*PROBLEM DETAILS*.
Exact copies of the lines below, from the one with "Tissu Popeline Eventails Bleu Turquoise" up to and including the one with "紡織復(fù)合材料通常由一", are what this calls for; leave out pictures.

*AVAILABLE DATA*.
--- START ---

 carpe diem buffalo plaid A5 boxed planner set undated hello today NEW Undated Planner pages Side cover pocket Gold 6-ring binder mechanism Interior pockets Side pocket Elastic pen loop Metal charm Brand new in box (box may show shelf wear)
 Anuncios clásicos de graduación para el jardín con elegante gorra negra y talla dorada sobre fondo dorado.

--- END ---
--- START ---

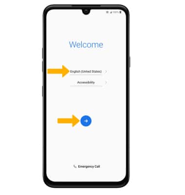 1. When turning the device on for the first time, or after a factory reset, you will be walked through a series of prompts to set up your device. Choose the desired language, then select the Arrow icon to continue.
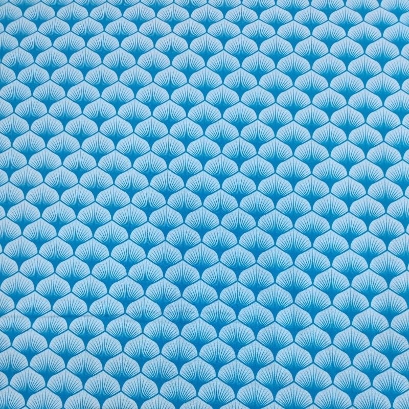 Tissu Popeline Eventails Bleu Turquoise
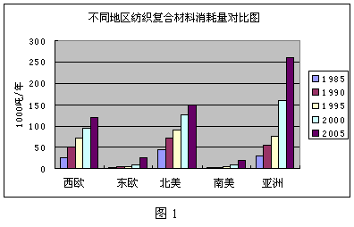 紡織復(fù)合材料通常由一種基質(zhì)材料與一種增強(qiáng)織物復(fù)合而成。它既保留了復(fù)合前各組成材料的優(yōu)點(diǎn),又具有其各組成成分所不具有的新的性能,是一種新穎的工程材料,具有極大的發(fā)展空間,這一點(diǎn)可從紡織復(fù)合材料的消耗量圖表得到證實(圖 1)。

--- END ---

*SOLUTION FOR THIS TASK*.
 Tissu Popeline Eventails Bleu Turquoise
 紡織復(fù)合材料通常由一種基質(zhì)材料與一種增強(qiáng)織物復(fù)合而成。它既保留了復(fù)合前各組成材料的優(yōu)點(diǎn),又具有其各組成成分所不具有的新的性能,是一種新穎的工程材料,具有極大的發(fā)展空間,這一點(diǎn)可從紡織復(fù)合材料的消耗量圖表得到證實(圖 1)。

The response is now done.